Весной, когда в «ФЭКС» е шли съемки, был перерыв в занятиях. Я была мало занята, а потому забрала сына и переехала с ним к матери на Скачки. Я просто сжигала себя на солнце, выискивала кропотливые занятия, чтобы отвлечься. Между прочим, начала работать в «Ленинградской правде» в театральном отделе. Я давала рецензии о новых кинофильмах[328], для чего приходилось ежедневно просматривать 1–2 фильма, переписывала свою работу на машинке и отвозила в город на велосипеде. Велосипед был мужской, я ездила в брюках и в пиджаке.
Я получила из Ташкента большую посылку — 6 ящиков фруктов. Мы их ели сырыми, делали компоты, мороженое, держали их в леднике, но все-таки много испортилось. Ко дню моих именин, 24 июля[329], приехал Н.П. Он появился на Скачках сияющий, загорелый и сильно располневший. Он в первый раз увидел моего сына, остался им очень
доволен и заявил, что послезавтра мы уезжаем в Ташкент. Он даже не спрашивал, согласна ли я с ним ехать, но сам проявлял такую радость и такую уверенность, что у меня не хватило духу ему противоречить.
Мои именины справляли торжественно, пригласив массу знакомых, устроили крюшон, свертели мороженое, танцевали. Я позвала и моего фэксовского друга, с которым к этому времени сумела выровнять и упростить отношения ценой многих уступок с обеих сторон. Он мне признался, что терпеть меня не мог, что ему невыносимо было сознавать себя виновником таких страданий, но что теперь он полон лучших чувств в отношении меня и что я могу считать его своим искренним другом. Я приняла это, как оно есть, хотя это была горькая награда за столько месяцев испорченной были. Я позвала его потому, что Н.П. мог ему объяснить, каким путем можно поступить в авиацию. Часам к двум ночи все разошлись по домам, остались Н.П. и мой приятель. Я заставила Н.П. лечь на диван, а тот устроился на большом столе, ему надо было проводить какой-то физкультурный парад и встать в 6 ч. утра. Я ушла к себе в комнату, в которую надо было проходить через мамину. Н.П. был пьян, когда я с ним прощалась, и выражал мне неудовольствие, почему я его не беру к себе. Я настояла на том, чтобы он лег, и действительно, полчаса было тихо. Через открытые окна я слышала все, что делалось в зале. Слышала, как он ходил, как он разговаривал с моим сыном, приятелем, а тот уговаривал его лечь. Я несколько раз выходила посмотреть, что там происходят. Оказывается, Н.П. пытался улечься на столе с моим приятелем. Я несколько раз упрашивала его вернуться на место, он слушался, потом опять шел мешать заснуть моему другу. Я увидела, что за это время он много пил и, видимо, сделался настоящим алкоголиком. Я была рада сделать это открытие теперь же, пока не поздно, и хотя чувствовала в этом большую долю своей вины, ответственности перед ребенком за возможное будущее спасала меня от всяких сожалений.

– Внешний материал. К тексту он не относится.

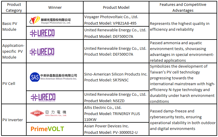 Amidst rigorous testing,we proudly congratulate the following companies and their products for successfully passing the evaluation to become this year’s Taiwan Excellent PV Award winners: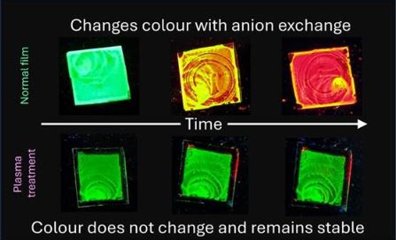Researchers at CeNS Bengaluru have stabilized CsPbX₃ perovskite nanocrystals using Ar-O₂ plasma treatment, which minimizes anion migration by cross-linking surface ligands and forming a hydrophobic barrier. This innovation significantly enhances color stability and environmental resilience, paving the way for durable, energy-efficient perovskite LEDs for next-generation optoelectronic devices, ensuring global impact.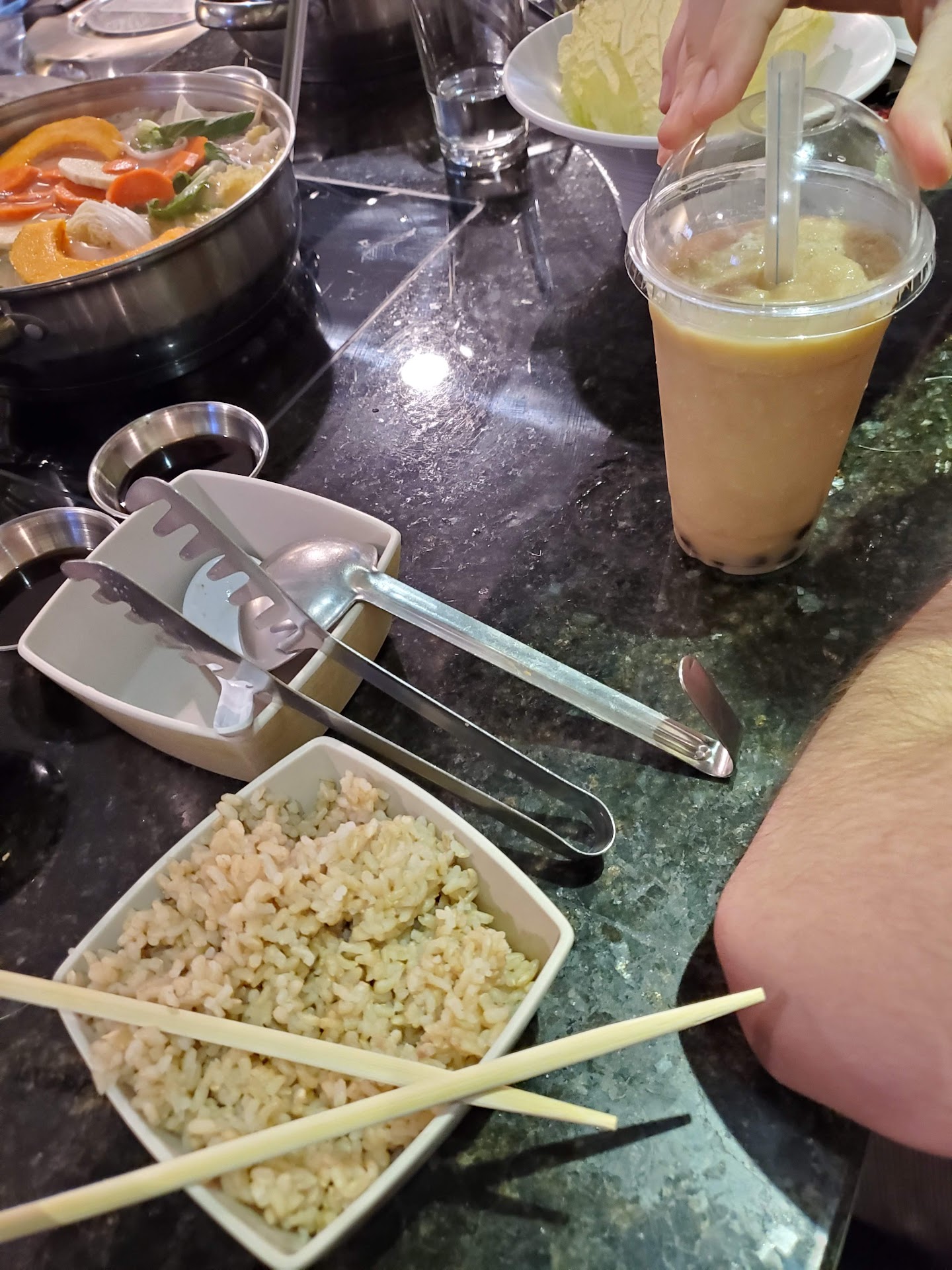 I came here twice so far, and I'm a fan! The first time I came with my friend. We got the spicy edamame, small organic grass fed chuck with miso broth, medium prime rib eye with mushroom broth, and mango snow shaved ice. The edamame was perfectly cooked and had just the right amount of spiciness. The hotpot was great too. I loved my miso broth. It was like drinking a giant bowl of freshly made miso soup, but it wasn't really spicy. My friend enjoyed her mushroom broth. She said it was light with just the right amount of flavor. My friend and I loved everything we ordered. It doesn't seem like much at first, but once you cook everything, eat the noodles, and drink the soup you're stuffed! My friend even had enough food to take her leftover noodles and soup home. We finished off the meal with a mango shaved snow. It was smaller than I anticipated, but really good. It felt light, refreshing, and wasn't overly sweet. I loved my meal so much, I made my boyfriend come and eat dinner here a few days later. We had the organic vegetable hotpot with miso and a side of mushrooms, Medium choice chuck with spicy thai lemongrass broth, and 2 popsicles. My vegetable hotpot came with soooooo many vegetables. I got full before I even had a chance to cook my noodles. The server helped me cook my noodles and pack them up for leftovers. It was just as good the next day! My bf loved the spicy thai broth. He finished everything and was pretty full as well. I enjoyed the 3 different mushrooms I got in the mushroom side order, but it was a pretty small amount. The popsicles were good although I forgot what we had.
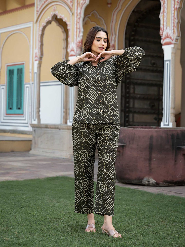 Black Floral Print Pure Cotton Straight Co-Ord (Set of 2)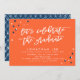 Amis Invitations et famille à votre fête de remise de diplômes avec cette invitation élégante avec les mots "Fêtons le diplômé" dans un script de brosse blanche tendance contre un arrière - plan orange avec confettis blanc et bleu éparpillés dans les coins. La carte a un motif abstrait bleu et blanc à l'arrière. Personnalisez-le en remplaçant le texte de l'espace réservé. Pour plus d'options comme changer la police et sa taille/couleur ou l'espacement entre les lettres cliquez sur le bouton "Personnaliser". *Veuillez noter que le filigrane Zazzle qui apparaît dans l'aperçu du zoom n'apparaîtra PAS sur le produit imprimé final © Rosewood et Citrus
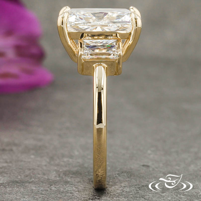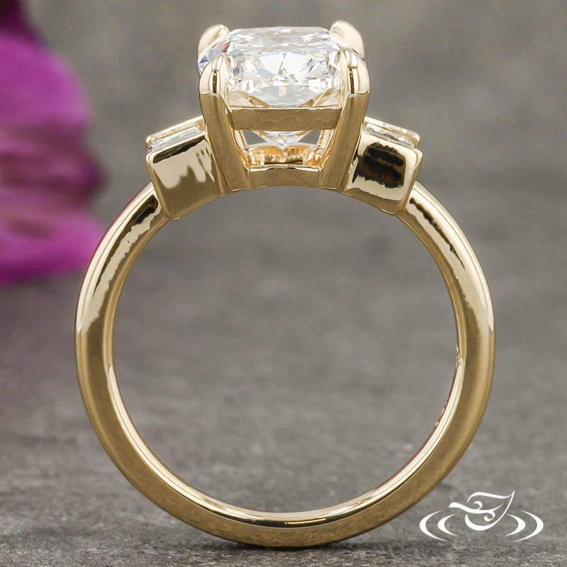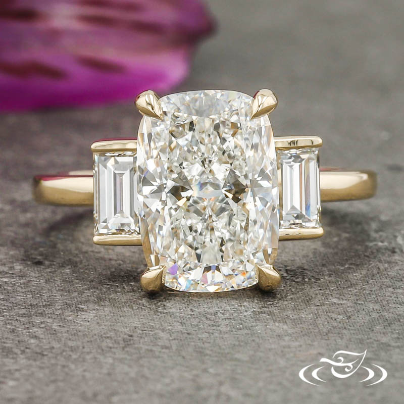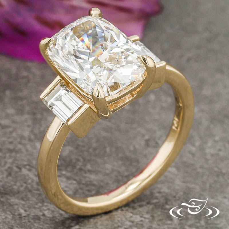 Custom 14kt yellow gold ring holding (1) 4-prong set GLJW provided elongated cushion cut lab diamond center stone. The center stone is flanked by (2) channel set GLJW provided baguette cut lab diamond side stones. This ring has a round shank and a bright high polish finish.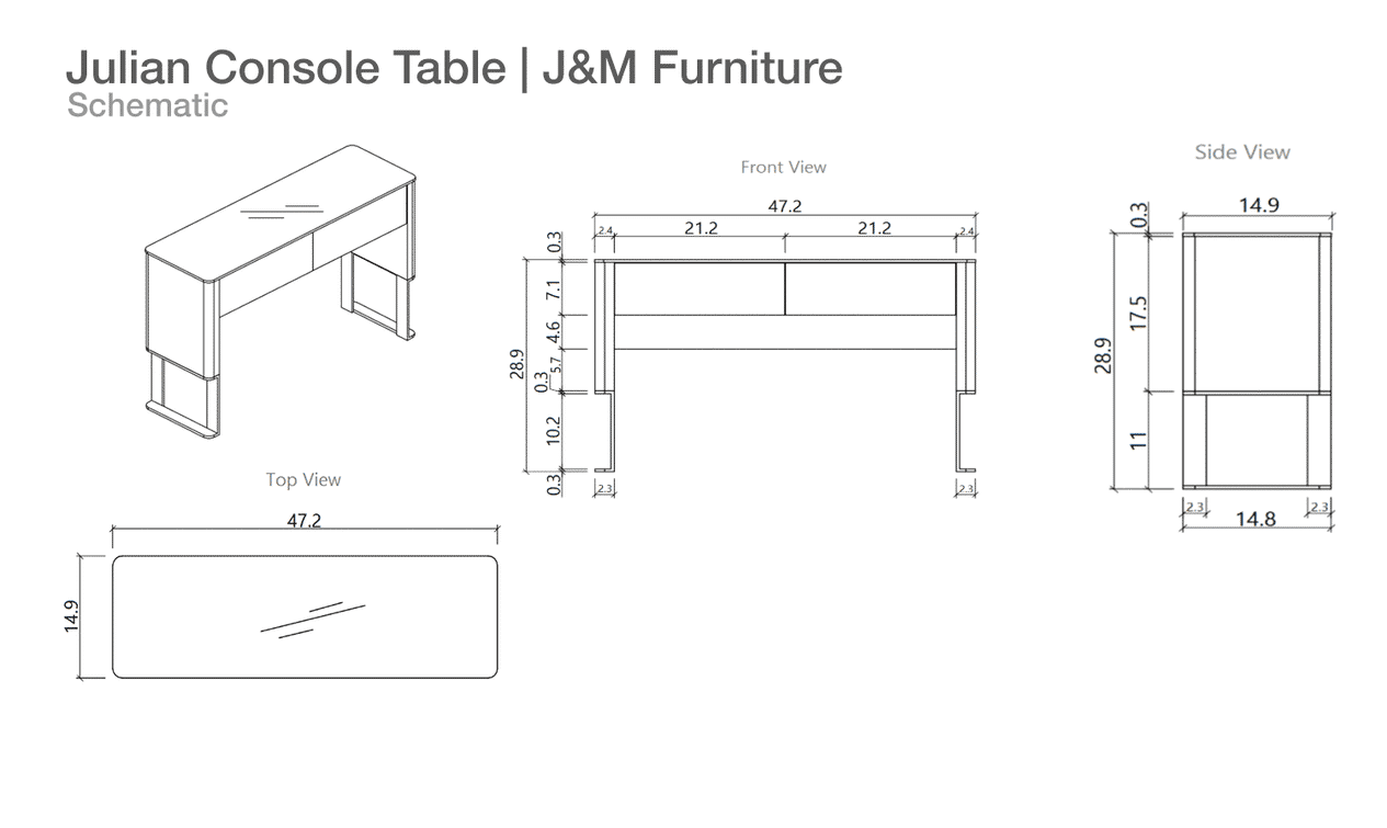 The Julian Console Table combines a Black Glass top, Walnut Wood veneer, and Chrome legs to achieve a bold and modern look. This console table features 2 deep drawers for convenient storage.

Я ушла к себе, но не спала, а прислушивалась к тому, что делается в доме. Я снова слышала возню в зале, потом шаги по лестнице и в саду, потом всё стихло. Я пролежала без сна до утра, пошла разбудить моего друга — он уже не спал. Рассказал мне со смехом, как Н.П. жаловался ему на меня, что у меня нет сердца, что вот уже 4 года, как он ждет меня, что он больше не может и уходит. И действительно, я больше его не видела. Он уехал в тот же вечер, не попрощавшись со мной, и хорошо сделал. Лишние разговоры, лишние слезы, «кому это нужно», как говорилось у нас в «ФЭКС» е.
С осенним возвращением в город наступил период бодрости и самостоятельности, усиленной работы, хотя не особенно успешной. Наши молодые режиссеры были очень смелы и убеждены в своих начинаниях, были очень требовательны к ученикам и имели много врагов среди кинематографистов. Действительно, они вели себя довольно вызывающе. Посетители наших вечеринок могли читать такие лозунги: «Спасение искусства — в штанах эксцентрика». Потом слова гимна «ФЭКС» а звучали так: «Мы всё искусство кроем матом. Мы всем экранам шлем ультиматум». В уборной «ФЭКС» висел портрет Веры Холодной. Два слова об этих вечеринках. Они устраивались с целью поднять наши фонды, а также, чтобы приручить немного зубров от кинематографии к нашим не совсем обычным методам работы и способам развлекаться. Для того чтобы показать нашу физкультурную тренировку, мы устраивали парады с пирамидами, для того, чтобы показать свой вкус кинофильма, мы демонстрировали на этих вечеринках не выпущенные в прокат запрещенные фильмы Сесил де Милла[330] и, наконец, несколько раундов фокса[331] между столиков в баре. Само собой разумеется, танцы под импровизированный джаз. Наши девушки в брюках заставляли померкнуть патентованных звезд, бывавших у нас в гостях.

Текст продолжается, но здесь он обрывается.